Adoption is an emotional process that is both exhausting and exhilarating. When the big moment finally arrives, adoptive parents have usually experienced many highs and lows, and have waited a long time for a child to be placed in their arms. Newly adoptive parents may feel confused and guilt-ridden. Instead of being grateful and overjoyed, they feel ambivalent, depressed, resentful or angry, and may even be questioning their decision to adopt. There is a sense that they “should” feel happy and content now that they finally have what they have wanted and worked towards all this time. When the post adoption blues hit, it is often unexpected and always unwelcome.

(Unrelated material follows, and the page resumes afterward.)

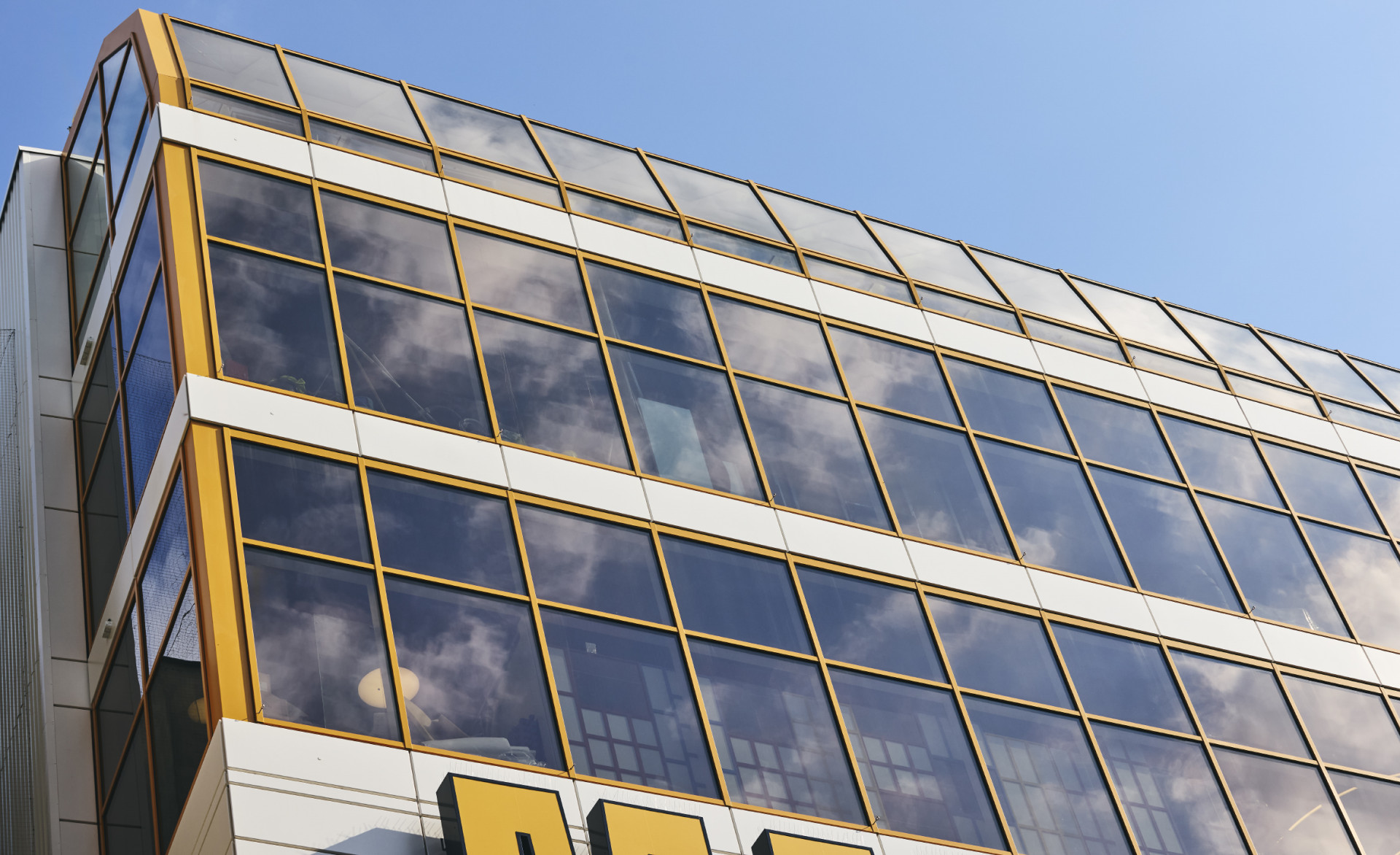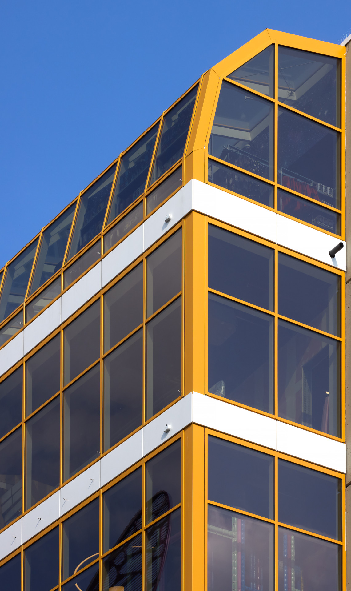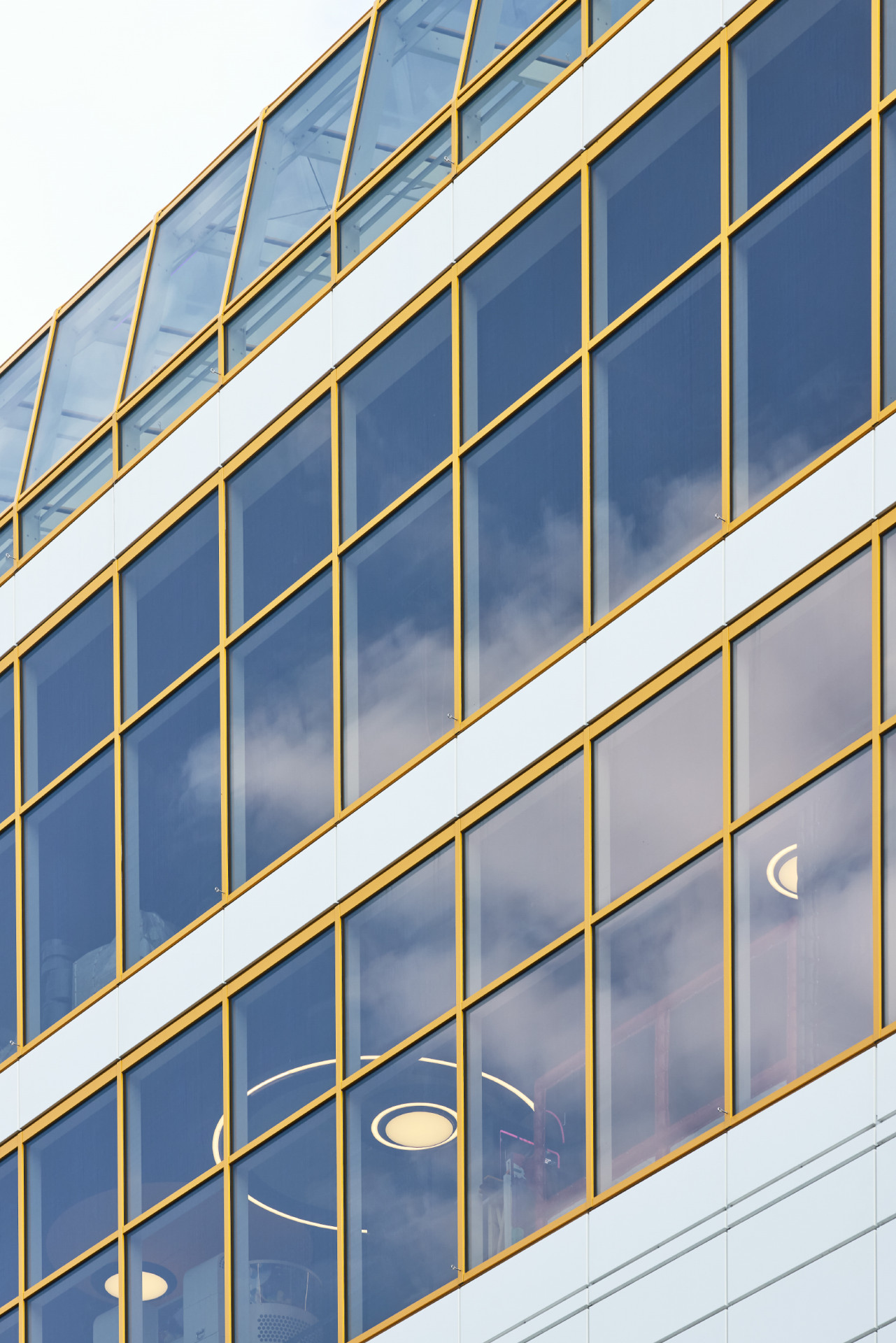 - Řešení fasádního pláště:: Sloupko-příčková fasáda systému SCHÜCO FWS 60, do kterého jsou vkládána okna a dveře sytému SCHÜCO. Výplně jsou izolační dvojskla

Although it is not a formally recognized disorder, Post-Adoption Depression Syndrome (PADS) is a term coined by June Bond in 1995 to describe the stress, anxiety and depression that many parents experience following adoption. Much like Post-Partum Depression, PADS usually affects adoptive mothers, with some estimates suggesting that close to 65% of adoptive mothers experience it at some point after bringing a child home. Post Adoption Depression Syndrome can be attributed to a number of different factors, not the least of which is the stress inherent in parenting. This is especially true when there are attachment/bonding challenges and the needs of the child are more significant than expected. Some newly adoptive parents report that bringing a child home reignites feelings of grief, loss and unresolved infertility issues, all of which can contribute to depression. PADS has also been likened to the let down that can occur after accomplishing a big goal or completing other major life milestones, like getting married or graduating from college.
Adoptive parents need to know and understand that PADS is a normal and even predictable crisis, and it does not reflect on an adoptive parent’s desire, willingness or ability to parent. Knowledge, preparation and support are all critical to surviving and moving past PADS.
Signs you might be experiencing PADS:
· Loss of interest or enjoyment in activities you used to enjoy
· Difficulty with concentrating or making decisions
· Fatigue or loss of energy
· Difficulty sleeping or increased need for sleep
· Significant weight change
· Excessive guilt
· Feelings of powerlessness
· Feelings of worthlessness
· Sense of hopelessness
· Suicidal thoughts or ideation
How to handle it:
- Take care of yourself – Self Care is incredibly important! Find some down time to engage in activities you enjoy. Make sure to eat right, exercise, rest, and get enough sleep.
- Remember you are not alone – Connect with other adoptive parents who are experiencing similar feelings and challenges.
- Give yourself time to bond – Bonding and attachment can be a slow process, so be patient.
- Ask for support and seek help – Do not be ashamed or afraid to ask friends and family members for help. For your benefit and the benefit of your child and family, seek professional assistance if needed.
- Keep in mind that the first several months after an adoptive placement are a transitional time for everyone in the family. Take it one day at a time, enjoy the positive moments, and be kind to yourself.